After that, Mr. Melton sat in the front of the classroom waiting for the day to end so he could join his carpool and leave behind his career as a teacher. I sat in the back of the classroom as five classes of high school students alternatively crawled in and out of the first-floor windows to socialize or invested their energies in igniting the fire-retardant bulletin boards.

Oddly, I found myself and my calling in that stressed and stressful place. Not on a single day after my tenure began did anyone use the window as an escape hatch, and I never again saw matches come out of pockets. Still, I had a recurring nightmare for a couple of months prior to the start of school over the next 35 years in which students made merry in the classroom while I seemed capable only of watching the mayhem.

These days, I have a different dream for a different time.
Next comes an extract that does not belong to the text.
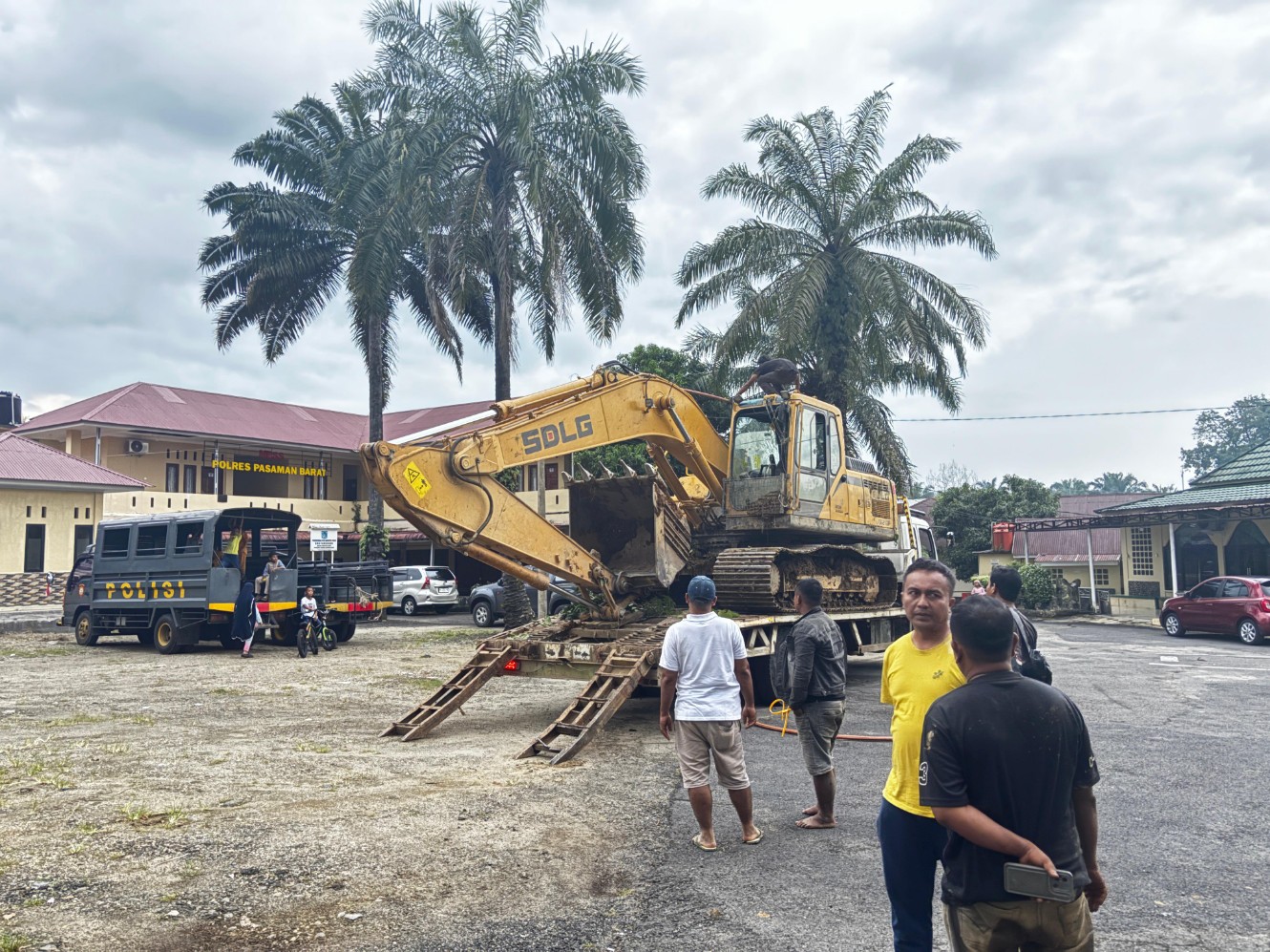 Kapolres menjelaskan, petugas menyita barang bukti berupa satu unit alat berat (excavator) PC 210F merk SDLG warna Kuning, dua buah alat dulang emas terbuat dari kayu dan tiga lembar karpet warna hijau terbuat dari plastik.

I construct it during waking hours—between work responsibilities, as the morning begins, or as the day wanes into sleep. The students I see in this dream are the COVID kids: the ones who will begin 2nd grade hoping for their first normal school year ever; the 9th graders who never had a normal middle school year; the high school seniors who hope this one year might magically prepare them for the world ahead. I see, too, the teachers who taught for months at the outset of the pandemic in uncharted territory, trying to normalize life for their students as their own lives were shaped by fear, self-doubt, and exhaustion.
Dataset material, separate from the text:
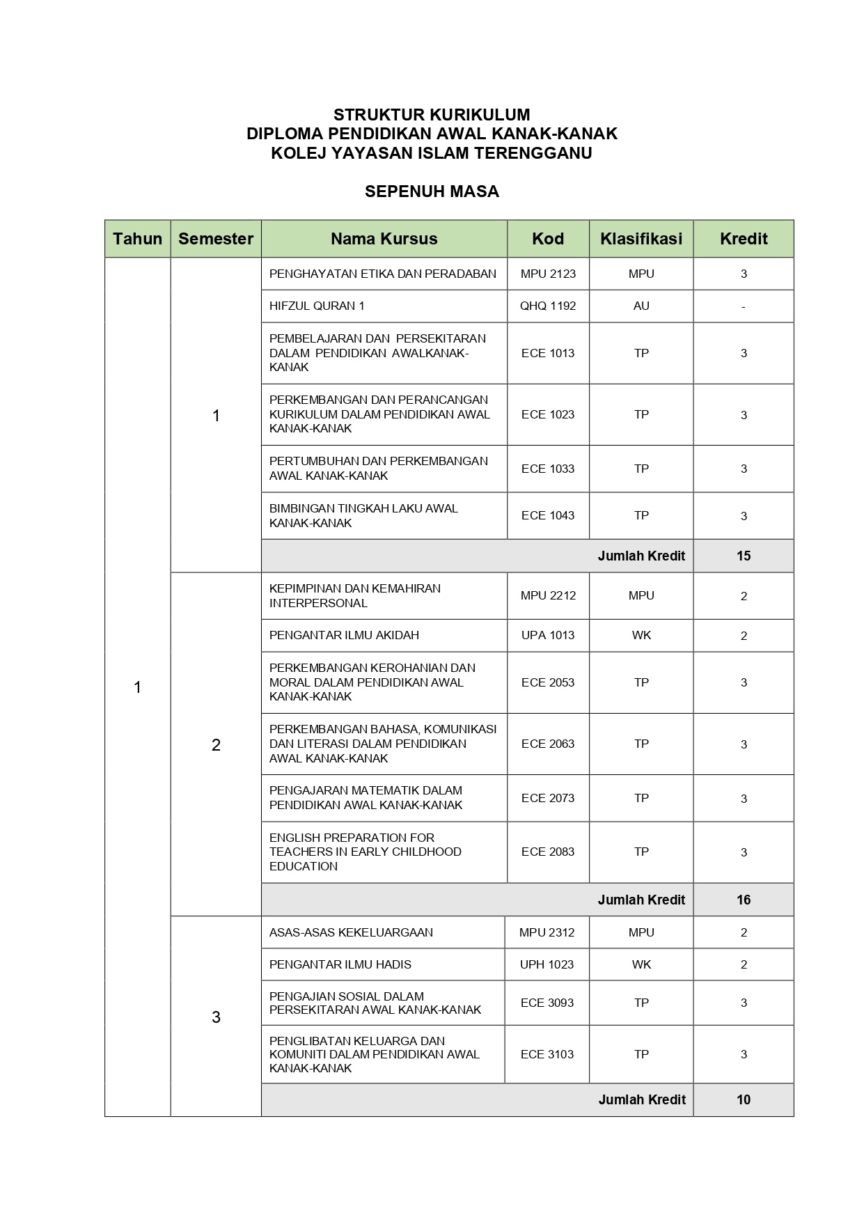 Program yang ditawarkan oleh KYIT dijalankan secara sepenuh masa selama 2 tahun 6 bulan (5 semester panjang dan 2 semester pendek).

The architecture of my new dream is a simple one, or should be. The dream is not greedy or outlandish. I dream of five realities for each student and teacher who embarks on this extraordinary school year.

  • In my dream, a teacher waits at the classroom door with nervous anticipation and a surge of excitement as students arrive—an actual teacher, not a stand-in recruited wherever one is available. This real teacher understands, appreciates, and does their best daily to honor both the art and the science of teaching in service to the young people in their care. This teacher works from a deep well of belief in the capacity of each learner to do remarkable things and responds to learners individually and collectively with acceptance, respect, empathy, and lofty expectations. As the teacher models such an approach, she helps students to discover the power in lifting one another up rather than tearing one another down.
  • In my dream, every learner feels safe in the classroom. Unthinkable as it is that young people must entertain the worry that they might be shot in their classrooms, that is the reality. The classroom should be a sanctuary from the host of weights outside the classroom that children cannot bear alone, and the teacher will work to come close to that ideal. In this place, especially in this year ahead, the teacher understands, too, that students are suffering at least as much because of social and affective deprivation resulting from two-plus years of isolation as they are from “learning loss.” So learning will involve generous opportunities for students to collaborate as they relearn how to connect and work together because when the fundamental need for belonging is not satisfied, the classroom does not feel safe and academic and intellectual development are largely off the table.
    In my dream, no adult in the school ever sees a child as a test score or allows a child to see themselves as a failure.
  • In my dream, no adult in the school ever sees a child as a test score or allows a child to see themselves as a failure—or even as a success—because of grades, standardized test scores, or any other trapping of school. No adult makes any decisions based on actions designed to raise test scores without first considering deeply whether the action also raises a young person’s sense of worth, motivation to learn, and aspirations for the future.
  • In my dream, every student experiences learning as joy, a grand adventure, a window into the world and the important roles they can play in that world. No teacher or school leader in my dream space confuses merely following a pacing guide with real teaching or a curriculum of coverage with real learning. Of course, students focus on reading and math, but they learn those things not predominately through rote practice but as the issues and ideas they explore call on them to apply those skills in a meaningful context. They experience learning as the remarkable human gift it is.
  • In this classroom I dream, where students do work that proves to them repeatedly how much they can do rather than what someone else thinks they cannot do, each student finds ample support as they challenge their own limits and discover the life-altering experience of achieving excellence. They learn to compete against themselves rather than against one another. They chart and take their own next steps in learning. Along the way, they learn the skills and habits of mind that enable accomplished work and change their sense of who they are and what they can become.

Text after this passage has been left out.